→ **WHAT THE TASK ASKS**
Only the lines from the one with "- Status: colors" through the final line below belong in the answer, copied exactly and without pictures.

------ PROVIDED DATA

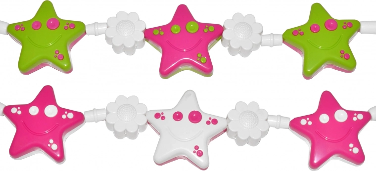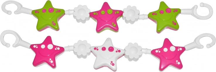 Farebná reťaz na kočík s hviezdami a kvetinkami pre motorický rozvoj dieťaťa. Pestré farby a jednoduché upevnenie.
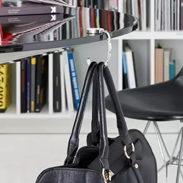 Сгъваема метална закачалка за чанти с магнитно затваряне и покритие от еко кожа.
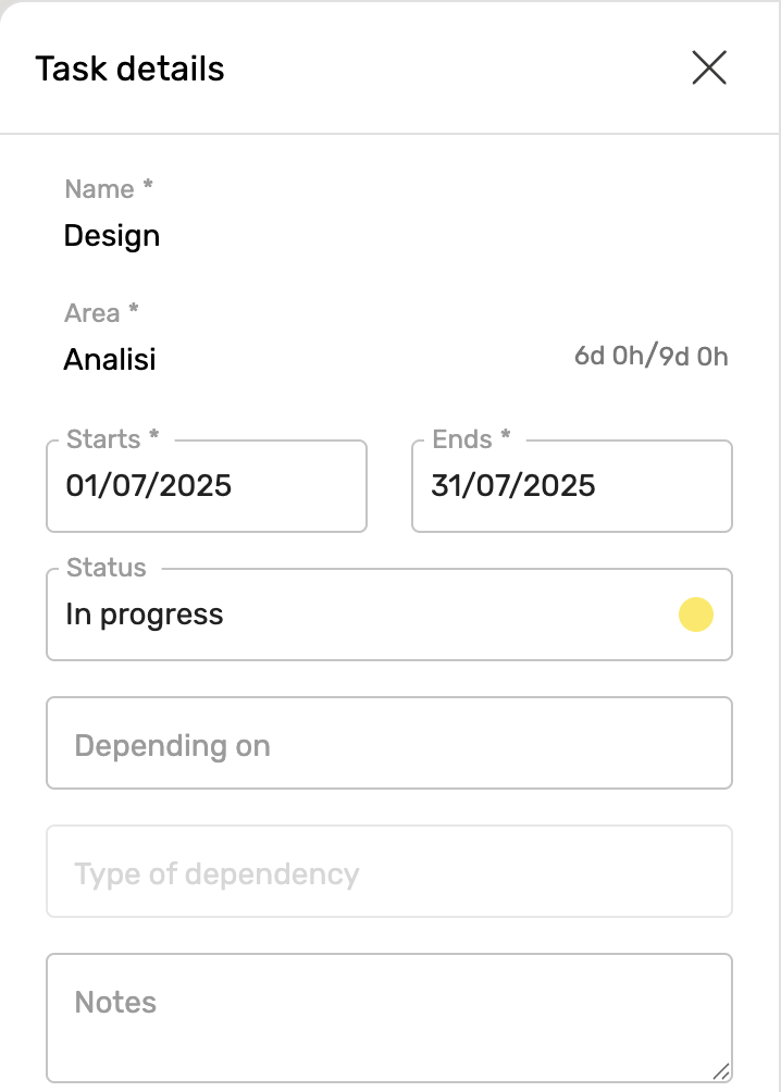 - Status: colors tasks and subtasks based on their current status (Not Started, In Progress, Blocked, Completed, Closed). 💡 This allows you to quickly spot progress and issues — supporting faster, data-driven decisions.
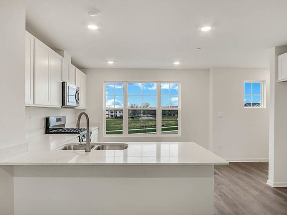 Discover yourself at 363 Bridgeview Ct., a beautiful new home in our Charlestowne Lakes community in St. Charles, Illinois. This townhome will be ready for a fall move-in! Homesite includes a fully sodded yard that is maintained throughout the year. This Monroe townhome plan offers over 1,600 square feet of living space with 2 bedrooms and a loft, 2.5 baths, and finished flex room. As soon as you step inside, you'll be greeted by the finished flex room, which is perfect as a den or playroom. Walking up the stairs, you will find this home's open concept living space. The expansive kitchen overlooks both the dining and great room areas, making it the ideal space to entertain. Additionally, your kitchen features designer cabinetry, a spacious island with quartz countertops, and pantry. Enjoy your large primary bedroom with a walk-in closet and connecting en suite bathroom. The rest of the upper level features a laundry room, loft, a secondary bedroom with a full second bath, and linen closet. You'll find luxury vinyl plank flooring in the kitchen and dining areas on the main level living space, bathrooms, and laundry. Impressive innovative ERV furnace system and tankless water heater round out the amazing features this home has to offer! Charlestowne Lakes is an upscale townhome community, tucked off Rt. 64, in a highly desirable area, loaded with everyday conveniences, and just minutes from the flourishing downtown St. Charles. All Chicago homes include our America's Smart Home Technology, featuring a smart video doorbell, smart Honeywell thermostat, Amazon Echo Pop, smart door lock, Deako smart light switches and more. Photos are of similar home and model home. Actual home built may vary.

------------

→ **RESPONSE FOR THIS EXERCISE**
 - Status: colors tasks and subtasks based on their current status (Not Started, In Progress, Blocked, Completed, Closed). 💡 This allows you to quickly spot progress and issues — supporting faster, data-driven decisions.
 Discover yourself at 363 Bridgeview Ct., a beautiful new home in our Charlestowne Lakes community in St. Charles, Illinois. This townhome will be ready for a fall move-in! Homesite includes a fully sodded yard that is maintained throughout the year. This Monroe townhome plan offers over 1,600 square feet of living space with 2 bedrooms and a loft, 2.5 baths, and finished flex room. As soon as you step inside, you'll be greeted by the finished flex room, which is perfect as a den or playroom. Walking up the stairs, you will find this home's open concept living space. The expansive kitchen overlooks both the dining and great room areas, making it the ideal space to entertain. Additionally, your kitchen features designer cabinetry, a spacious island with quartz countertops, and pantry. Enjoy your large primary bedroom with a walk-in closet and connecting en suite bathroom. The rest of the upper level features a laundry room, loft, a secondary bedroom with a full second bath, and linen closet. You'll find luxury vinyl plank flooring in the kitchen and dining areas on the main level living space, bathrooms, and laundry. Impressive innovative ERV furnace system and tankless water heater round out the amazing features this home has to offer! Charlestowne Lakes is an upscale townhome community, tucked off Rt. 64, in a highly desirable area, loaded with everyday conveniences, and just minutes from the flourishing downtown St. Charles. All Chicago homes include our America's Smart Home Technology, featuring a smart video doorbell, smart Honeywell thermostat, Amazon Echo Pop, smart door lock, Deako smart light switches and more. Photos are of similar home and model home. Actual home built may vary.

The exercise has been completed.